Глава 15
День Выпускника
Я делаю шаг к Максу, деревянные половицы скрипят у меня под ногами. У него, похоже, приступ – движения затрудненные, лицо бледное, выражение отсутствующее, как будто он не совсем здесь.
– Я собираюсь сварить горячий шоколад. Хочешь? – спрашиваю я.
Быстро спускаюсь по лестнице и проскальзываю в кухню. Мой шлепанец чавкает по липкой плитке. Пиво. Я перестала вытирать пол еще на втором курсе. Грязные, отвратительные, бестолковые мальчишки. Вымытая кухня никогда не оставалась чистой надолго – только не во «Дворце». Жду не дождусь, когда окончу колледж и смогу жить одна. Макс следует за мной в кухню. Я сую чайник под кран, по кухне разносится звук льющейся воды. Раковина заполнена пустыми одноразовыми стаканчиками, в нос бьет вонь несвежего пива. Задерживая дыхание, я мою две кружки, заляпанные кофе.
Макс садится на табуретку и смотрит на мраморные столешницы кухонного гарнитура. Мы единственные из студентов кампуса живем в подобной роскоши – благодаря Халеду. Я признательна, что у его матери такой хороший вкус. Она переделала старое здание в изящный современный семейный дом. Наш семейный дом. Я гадаю, кто будет жить здесь после того, как мы уедем.
Я думаю о том, что видели мы с Халедом, – о том, как спорили Руби и Макс и как он держал ее за запястье, когда она пыталась отшатнуться от него.
– Вы с Руби все-таки пошли в душ, в «Паркер»? – спрашиваю я. Я поворачиваю переключатель конфорки, и под чайником вспыхивает газовое пламя.
– Честно говоря, нет, – отвечает Макс тихим голосом и трет лоб. Он всегда делает так, когда устает. – Мне все еще нужно в душ.
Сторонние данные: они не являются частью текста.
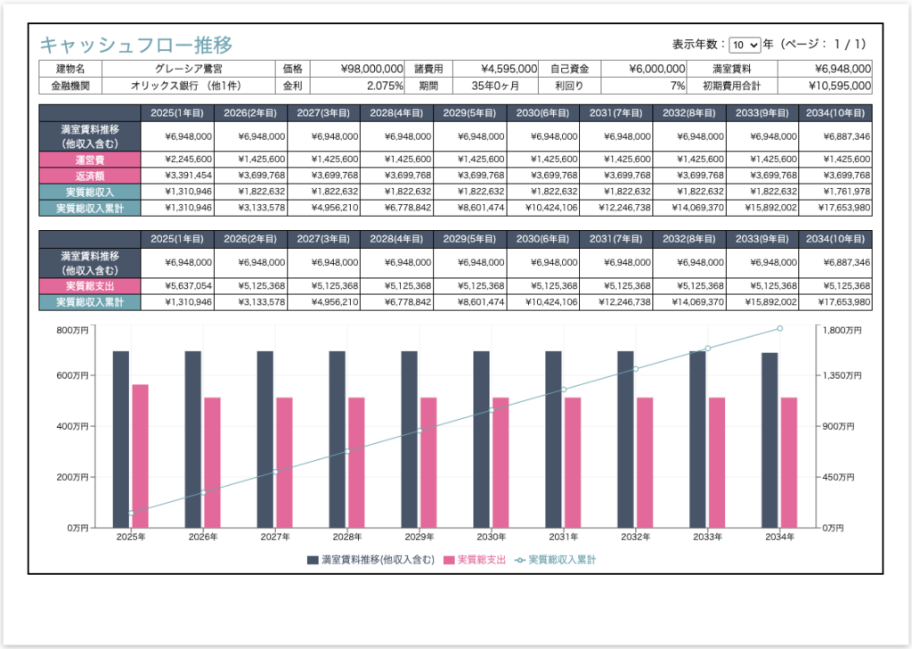 長期シミュレーション・一棟物件を解析する様々な機能を搭載
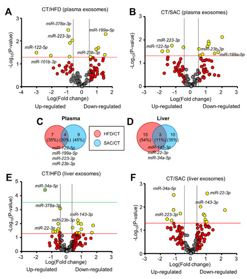 The miRNA profile differs between HFD and SAC plasma and liver exosomes. (A,B): Volcano plots show differential miRNA expression of plasma exosomes from HFD (A) and SAC mice (B) compared with CT mice. (C,D): Comparison of the differentially expressed exosomal miRNAs in HFD/CT and SAC/CT in plasma (C) and liver (D). (E,F): Volcano plots show differential miRNA expression of liver exosomes from HFD (E) and SAC mice (F). n = 3/group (A–C) and n = 4/group (D–F).

Я замечаю, что одежда у него мокрая после Прыжка, и дивлюсь тому, что он не трясется от холода.
– А где Руби? – спрашиваю, ожидая, что она в любой момент войдет в дом.
Макс не поднимает взгляда, его мозг пытается справиться с неудержимым потоком нервной энергии. Я открываю один из шкафчиков и шарю на дальней полке в поисках коробочки, которую припрятала за разнокалиберными тарелками. Никто ими не пользуется, боясь, что потом придется их мыть. Даже если кто-то найдет растолченные таблетки, я без проблем могу сказать, что они мои – от нервного расстройства. Простая ложь.
– Кажется, мы поругались. Или сильно поспорили. Можешь назвать это как угодно, – говорит Макс. Когда он устает, то становится куда менее красивым – с бледным лицом и с темными кругами под глазами. – Но это не самое худшее.
– Поругались? – переспрашиваю я. – Но вы никогда не ругались между собой.
Макс выпрямляет спину. Он всегда делает так, прежде чем сознаться в чем-то постыдном. Словно это скомпенсирует его внутреннюю слабость, дисбаланс в его мозгу.
– Я сказал ей, что люблю ее, – говорит он. – Это было глупо. Мне казалось, что всё снова стало нормально, и я решил, что сейчас самое время. Но это было не так.
Я знала, что когда-нибудь это случится, только не знала когда. Они были так тесно связаны друг с другом, но не соприкасались. Мы все понимали это без слов.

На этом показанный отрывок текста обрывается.